WHAT THE EXERCISE ASKS: Omit the pictures and return exactly the stretch of the material below from the line with "Softball Batter Girl" through the line with "另外也有呼吁保护海洋生物的《".
:: INPUT ::
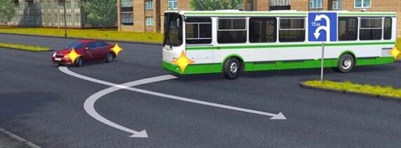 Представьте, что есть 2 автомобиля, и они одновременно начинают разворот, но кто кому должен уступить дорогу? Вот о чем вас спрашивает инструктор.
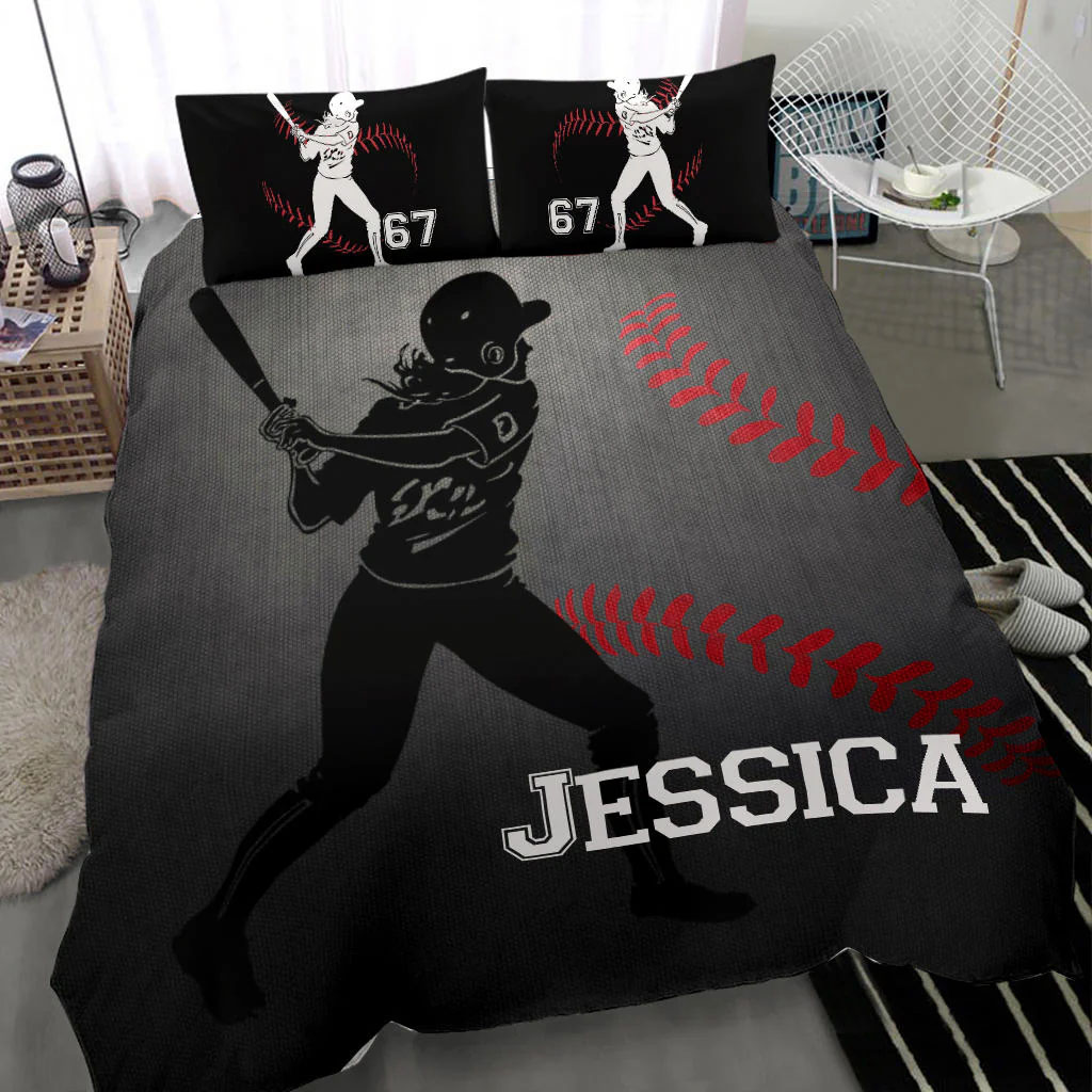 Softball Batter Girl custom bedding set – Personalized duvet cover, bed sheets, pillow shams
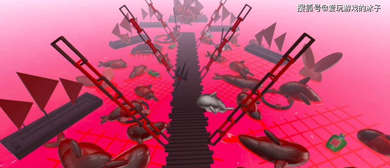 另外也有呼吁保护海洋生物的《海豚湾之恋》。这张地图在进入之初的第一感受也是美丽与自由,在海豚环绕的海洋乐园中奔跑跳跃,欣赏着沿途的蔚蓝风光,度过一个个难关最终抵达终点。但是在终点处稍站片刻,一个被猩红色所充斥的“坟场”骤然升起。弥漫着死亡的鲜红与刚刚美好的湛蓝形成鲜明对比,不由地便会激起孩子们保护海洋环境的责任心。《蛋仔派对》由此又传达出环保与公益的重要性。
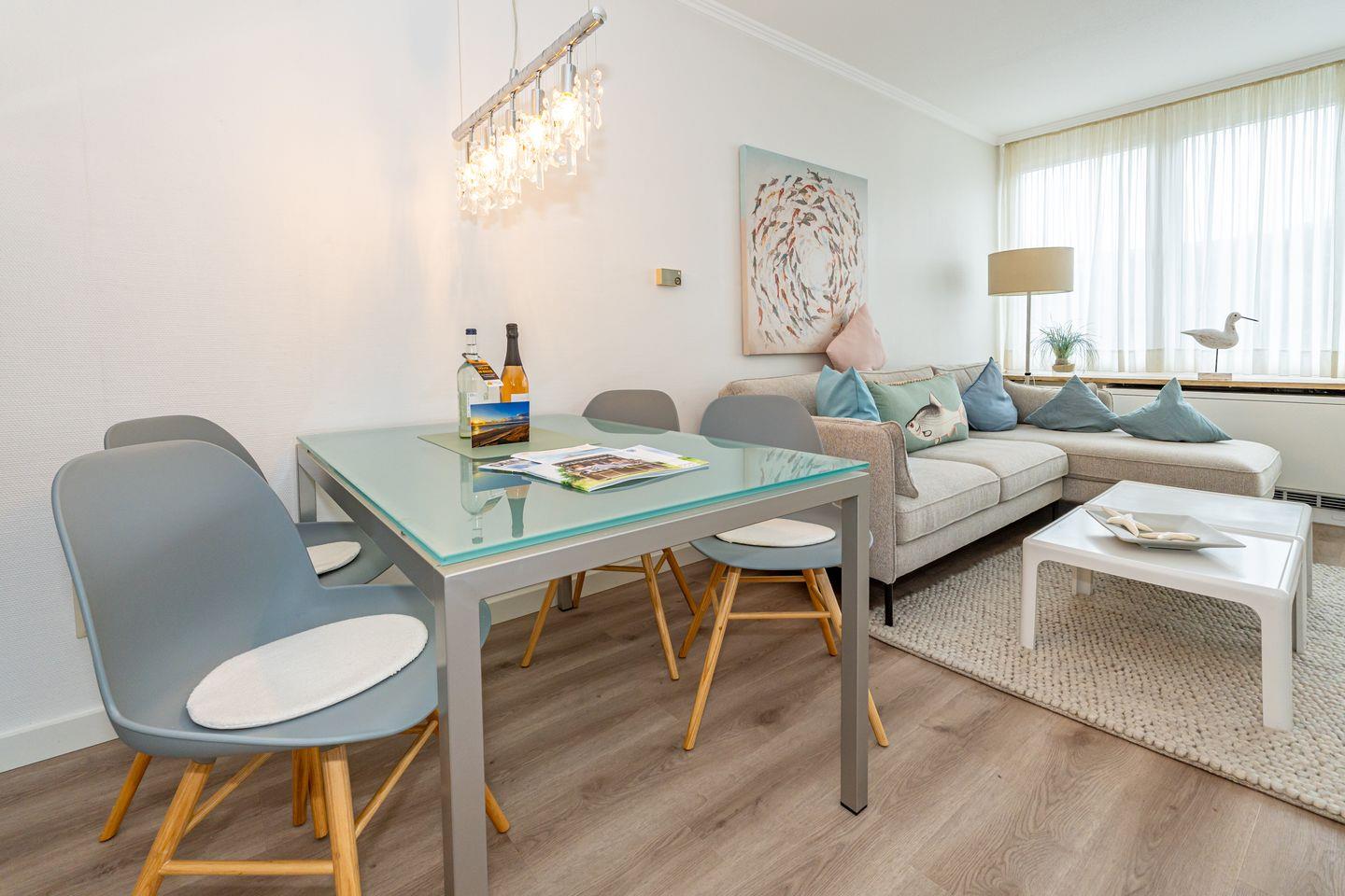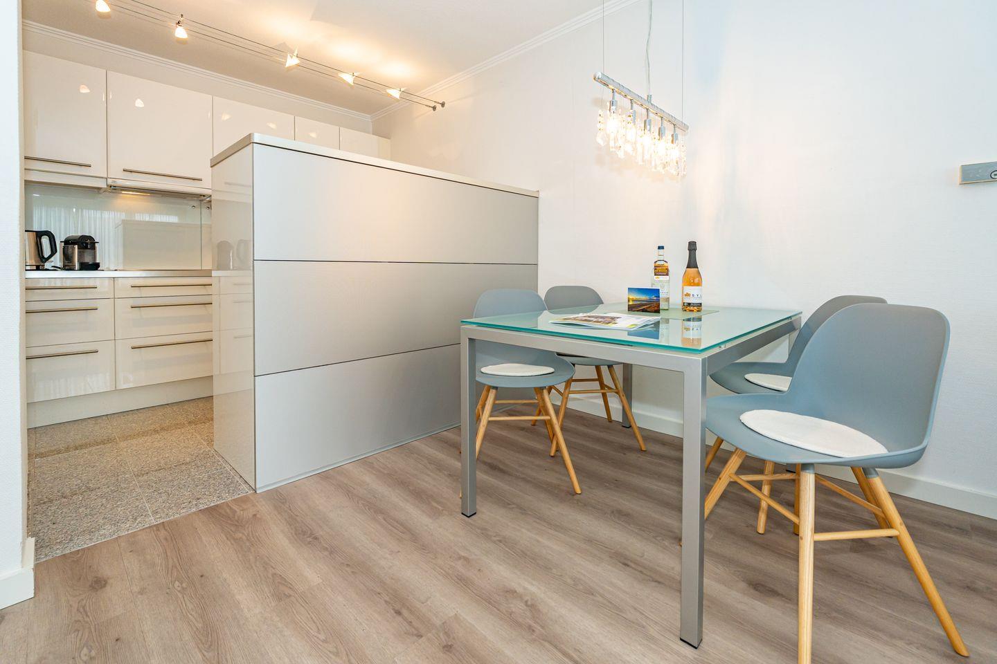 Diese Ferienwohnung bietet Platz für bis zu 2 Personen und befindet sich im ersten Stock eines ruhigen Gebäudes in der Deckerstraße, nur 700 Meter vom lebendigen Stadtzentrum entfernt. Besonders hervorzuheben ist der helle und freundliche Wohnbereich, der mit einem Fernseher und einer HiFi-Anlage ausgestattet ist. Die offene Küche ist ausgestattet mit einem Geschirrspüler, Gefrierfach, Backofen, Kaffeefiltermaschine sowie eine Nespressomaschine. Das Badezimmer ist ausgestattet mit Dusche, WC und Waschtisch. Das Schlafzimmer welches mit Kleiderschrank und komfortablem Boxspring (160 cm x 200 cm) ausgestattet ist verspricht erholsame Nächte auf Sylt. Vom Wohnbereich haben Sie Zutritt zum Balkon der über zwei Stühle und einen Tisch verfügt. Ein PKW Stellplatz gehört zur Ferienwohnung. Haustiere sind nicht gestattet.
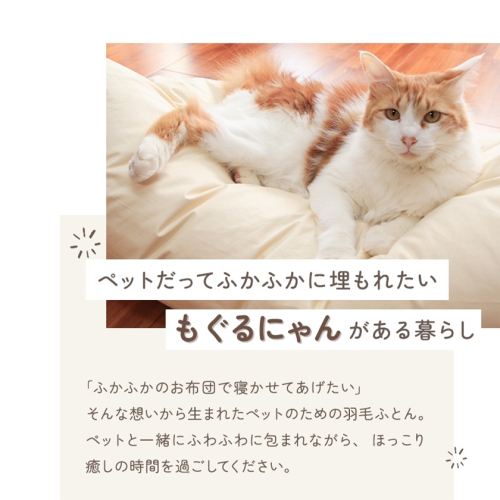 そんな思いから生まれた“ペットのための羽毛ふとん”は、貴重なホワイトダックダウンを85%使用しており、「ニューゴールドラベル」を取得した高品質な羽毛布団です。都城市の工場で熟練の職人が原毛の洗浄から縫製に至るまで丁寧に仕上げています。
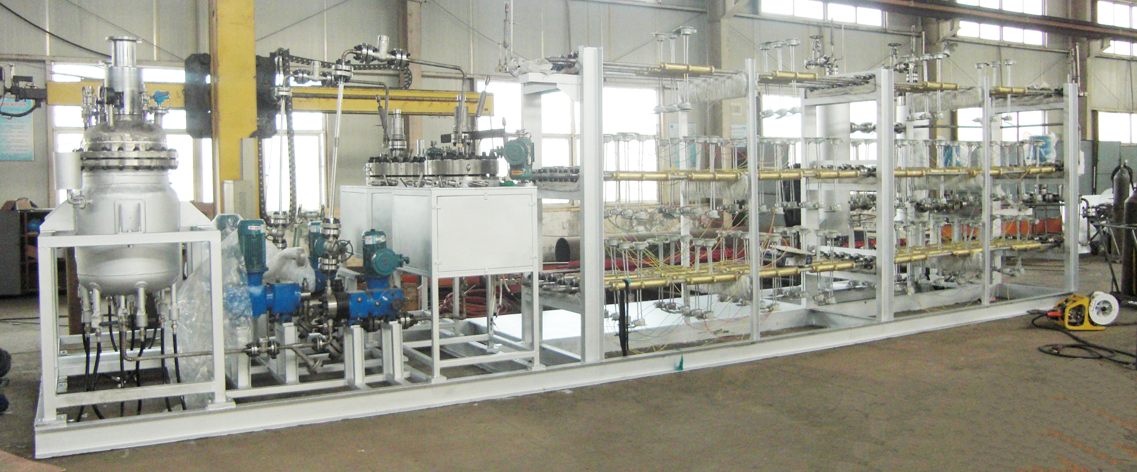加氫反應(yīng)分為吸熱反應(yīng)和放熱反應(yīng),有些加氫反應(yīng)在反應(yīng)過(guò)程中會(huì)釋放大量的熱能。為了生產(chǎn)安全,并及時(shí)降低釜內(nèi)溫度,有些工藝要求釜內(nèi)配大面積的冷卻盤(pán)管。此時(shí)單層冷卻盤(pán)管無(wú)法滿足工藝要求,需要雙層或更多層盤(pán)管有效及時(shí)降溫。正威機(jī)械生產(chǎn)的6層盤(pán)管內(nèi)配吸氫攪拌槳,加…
:::
WRITTEN SOLUTION:
 Softball Batter Girl custom bedding set – Personalized duvet cover, bed sheets, pillow shams
 另外也有呼吁保护海洋生物的《海豚湾之恋》。这张地图在进入之初的第一感受也是美丽与自由,在海豚环绕的海洋乐园中奔跑跳跃,欣赏着沿途的蔚蓝风光,度过一个个难关最终抵达终点。但是在终点处稍站片刻,一个被猩红色所充斥的“坟场”骤然升起。弥漫着死亡的鲜红与刚刚美好的湛蓝形成鲜明对比,不由地便会激起孩子们保护海洋环境的责任心。《蛋仔派对》由此又传达出环保与公益的重要性。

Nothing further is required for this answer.